The symposium provided ALKC with an opportunity to showcase six exemplary projects. Below are brief descriptions of the showcased projects:
Ideas into Action presented a one-day workshop, designed to enhance proposal
development skills, in order to build research capacity within the networks and
sectors of adult literacy providers in Ontario. The workshop information will be
shared with other organizations across Canada.
Organization: Ontario Association of Adult & Continuing Education School Board
Administrators (CESBA), Iroquois, Ontario
Contact person: Brenda King
Aboriginal Literacy Database Development Project contacted Aboriginal literacy
programs across Canada, to seek their permission to include material related to their
programs (program descriptions, curriculum materials, best practices, etc.) on the
database of the National Indigenous Literacy Association. As well as providing
extremely valuable information, this project will facilitate the development of
partnerships among like-minded organizations.

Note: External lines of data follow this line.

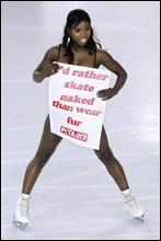 Французская фигуристка Сурья Бонали, 33 года, вышла голой на лёд катка Аньер в рамках акции защиты детёнышей тюленей на севере Канады, сообщает "Корреспондент".
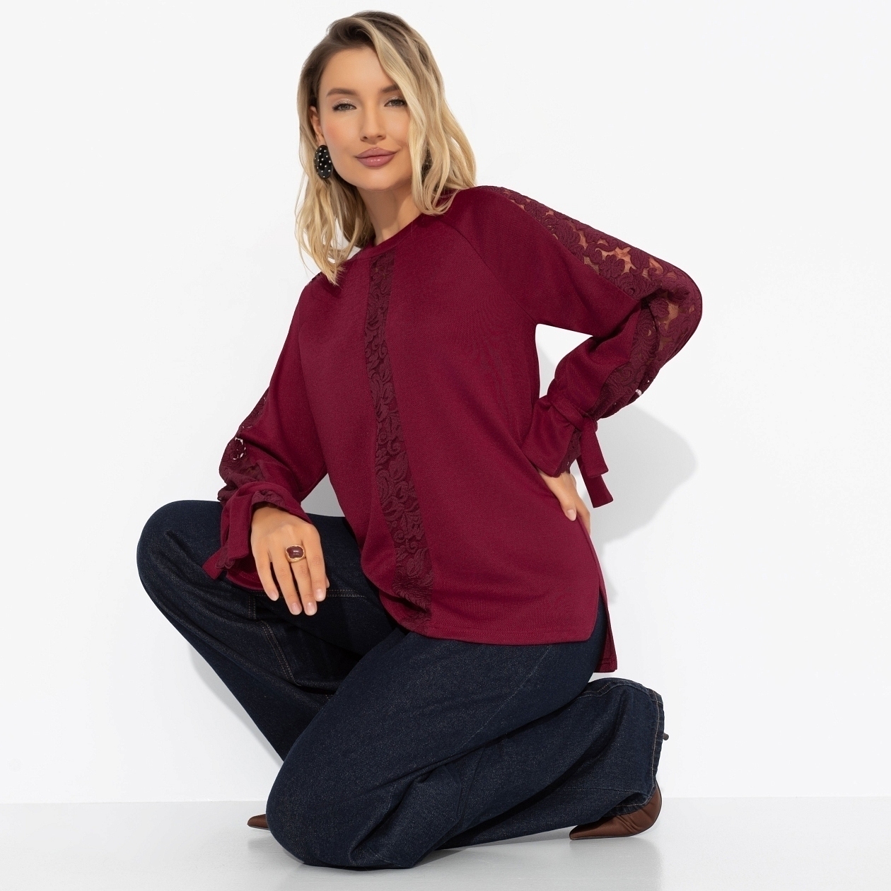 Свитшот ЧАРУТТИ чувствуется буквально как пропуск в круг душевных людей. Его винный цвет, комбинация фактур и детали располагают к себе с первой же минуты. Абсолютный комфорт обеспечен. Свитшот свободного силуэта. Акцентные вставки из кружева в тон основного материал. Завязки на рукавах.
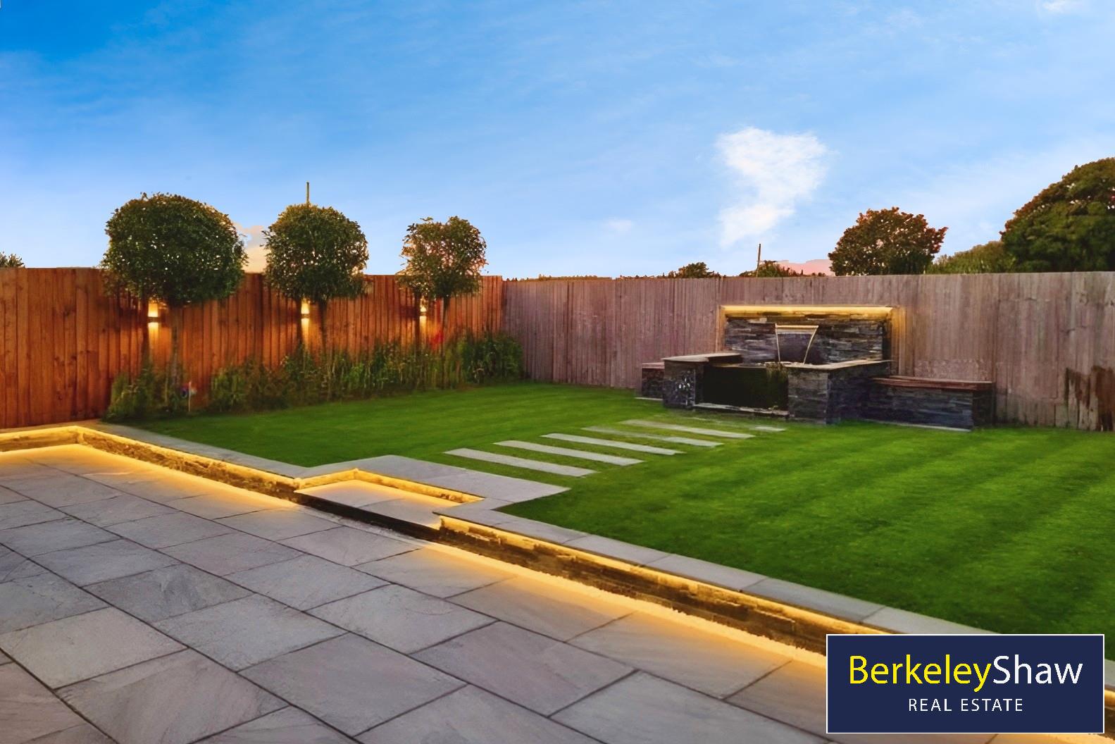 The rear garden has been professionally landscaped with Indian sandstone, Welsh slate cladding, a lawn, koi pond with waterfall lighting and a secure lean-to shed.

Organization: National Indigenous Literacy Association, Winnipeg, Manitoba
Contact person: Doug Bartlett
Maintaining the Momentum offers a communication vehicle for literacy
practitioners and program coordinators to facilitate the sharing of ongoing research
activities and findings. The research groups were formed at a workshop in March
2006, which was designed to help diverse literacy groups develop action research
projects. Maintaining the Momentum has dedicated space in Literacy Nova Scotia’s
quarterly newsletter, an action research fact sheet, and a web forum.
Organization: Literacy Nova Scotia, Truro, Nova Scotia
Contact person: Ann Marie Downie
Weaving a Web creates an interactive website on research into the impact of
violence on learning. It is well established that violence has a significant negative
effect on the ability to learn. The website is designed to provide a site for exchange
between researchers and practitioners, in order to enhance both the research and
practice of learning for learners who have experienced or are at-risk of violence.